The Role of Multiscale Protein Dynamics in Antigen Presentation and T Lymphocyte Recognition.

Frontiers in immunology

R Charlotte Eccleston, Shunzhou Wan, Neil Dalchau, Peter V Coveney

Affiliations

  1. Centre for Computational Science, Department of Chemistry, University College London, London, United Kingdom.
  2. Microsoft Research, Cambridge, United Kingdom.

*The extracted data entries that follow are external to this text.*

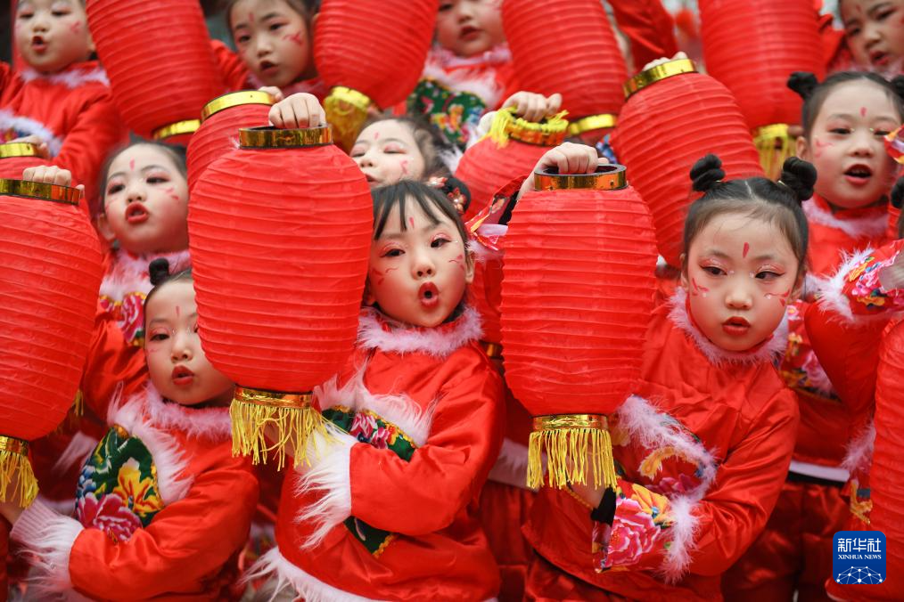 1月18日,四川省閬中市閬中古城,民間藝人和文藝工作者在表演節目歡度臘八節,喜迎農歷新年。這是參演的小朋友在表演。
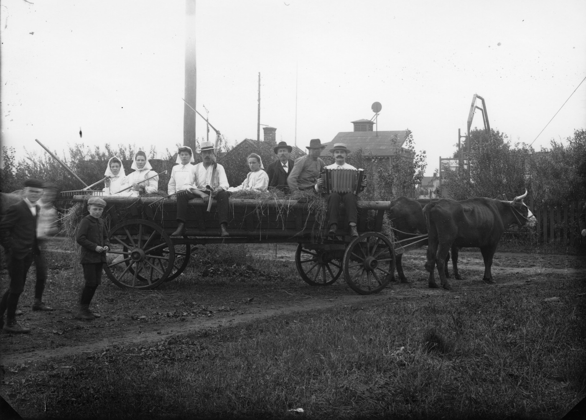 Titel: Från ett programblad från midsommarafton och midsommmardagen 1907:Står bl.a. Karnevals- fästen i Falkenberg. Från en tidningsannons i Falkenbergs Posten den 22 juli 1907 kan man läsa Hantverks-Karneval söndagen den 28 juli. Men man kan ej med säkerhet säga att ovanstående hör ihop med bilden då flera karnevaler har förekommit. "Museets kommentar"
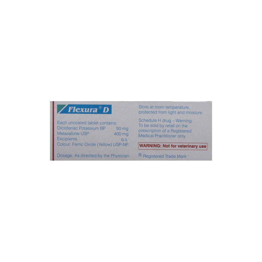 Flexura D Tablet is a prescription medicine commonly used for the management of muscle pain, spasms, and inflammatory conditions. It helps relieve pain, reduce muscle stiffness, and improve mobility. This medicine should be taken strictly under medical supervision.
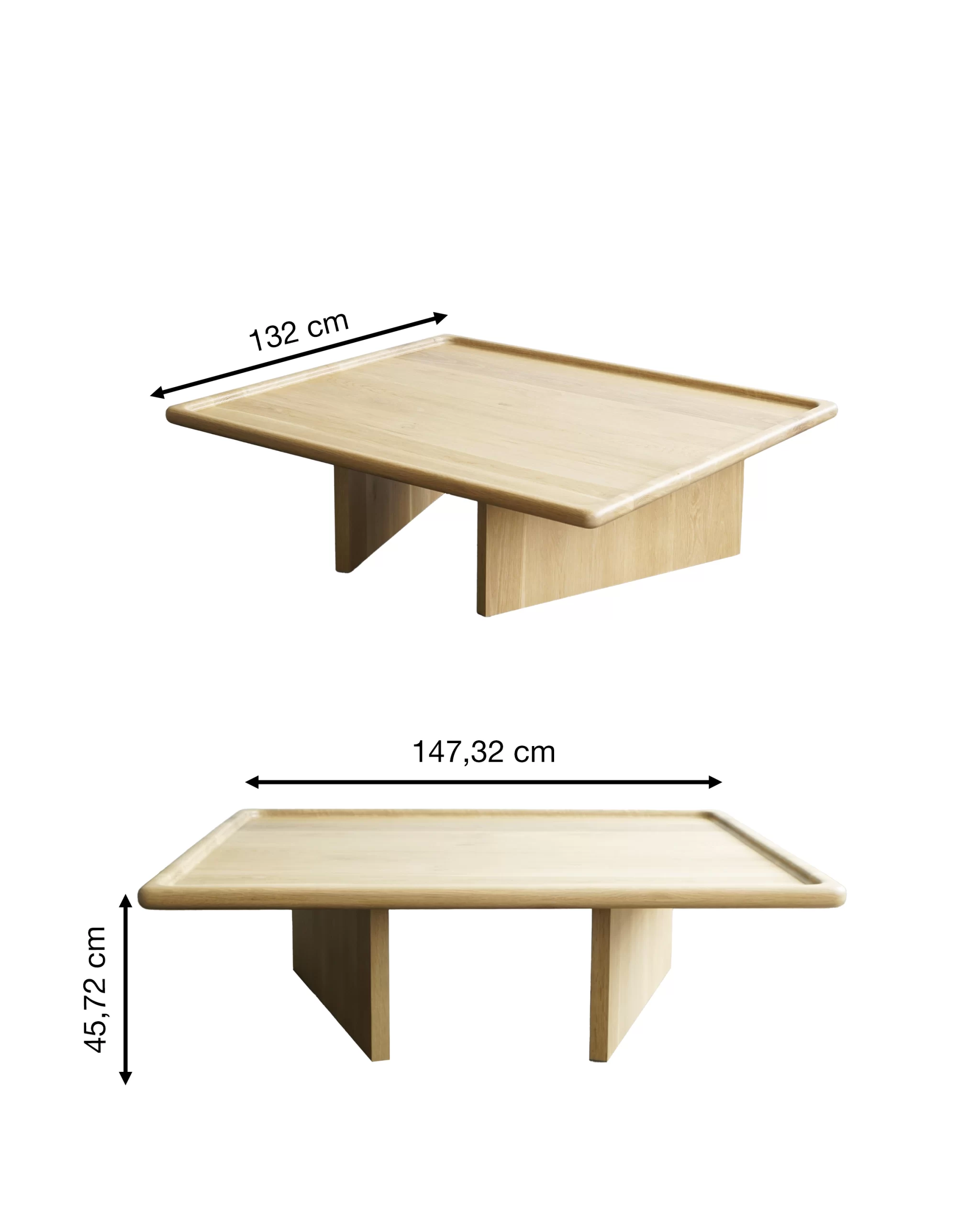 Bàn cà phê SANDOWN là một “sàn gỗ” ngoại cỡ giữa phòng khách. Mặt bàn vuông lớn được vát bo tròn toàn bộ viền, lõm nhẹ vào trong như một chiếc khay, giúp đồ đặt lên có cảm giác được ôm trọn. Hai chân bản dày chạy vuông góc tạo khối vững như một bệ đỡ kiến trúc, giữ cho tổng thể vừa tối giản vừa có sức nặng thị giác.
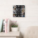Faça seu próprio relógio personalizado de colagem de fotos com este modelo fácil. Este relógio quadrado, clássico, tem números brancos alinhados no meio em um retângulo longo estilo deco e um fundo preto comum que você pode "personalizar" para qualquer imagem ou cor que você queira. Ao longo das bordas, há espaço para você adicionar oito de suas próprias fotografias quadradas favoritas. Simplesmente mude as modelos para as suas próprias fotos. Você também pode adicionar texto personalizado ao meio ou excluir os campos de texto de exemplo. Use a ferramenta design para alterar as fontes ou a localização do texto. Este relógio de colagem de fotos é uma bela maneira de mostrar memórias de família ou casamento.

PMID: 28740497 PMCID: PMC5502259 DOI: 10.3389/fimmu.2017.00797

Abstract

T lymphocytes are stimulated when they recognize short peptides bound to class I proteins of the major histocompatibility complex (MHC) protein, as peptide-MHC complexes. Due to the diversity in T-cell receptor (TCR) molecules together with both the peptides and MHC proteins they bind to, it has been difficult to design vaccines and treatments based on these interactions. Machine learning has made some progress in trying to predict the immunogenicity of peptide sequences in the context of specific MHC class I alleles but, as such approaches cannot integrate temporal information and lack explanatory power, their scope will always be limited. Here, we advocate a mechanistic description of antigen presentation and TCR activation which is explanatory, predictive, and quantitative, drawing on modeling approaches that collectively span several length and time scales, being capable of furnishing reliable biological descriptions that are difficult for experimentalists to provide. It is a form of multiscale systems biology. We propose the use of chemical rate equations to describe the time evolution of the foreign and host proteins to explain how the original proteins end up being presented on the cell surface as peptide fragments, while we invoke molecular dynamics to describe the key binding processes on the molecular level, including those of peptide-MHC complexes with TCRs which lie at the heart of the immune response. On each level, complementary methods based on machine learning are available, and we discuss the relationship between these divergent approaches. The pursuit of predictive mechanistic modeling approaches requires experimentalists to adapt their work so as to acquire, store, and expose data that can be used to verify and validate such models.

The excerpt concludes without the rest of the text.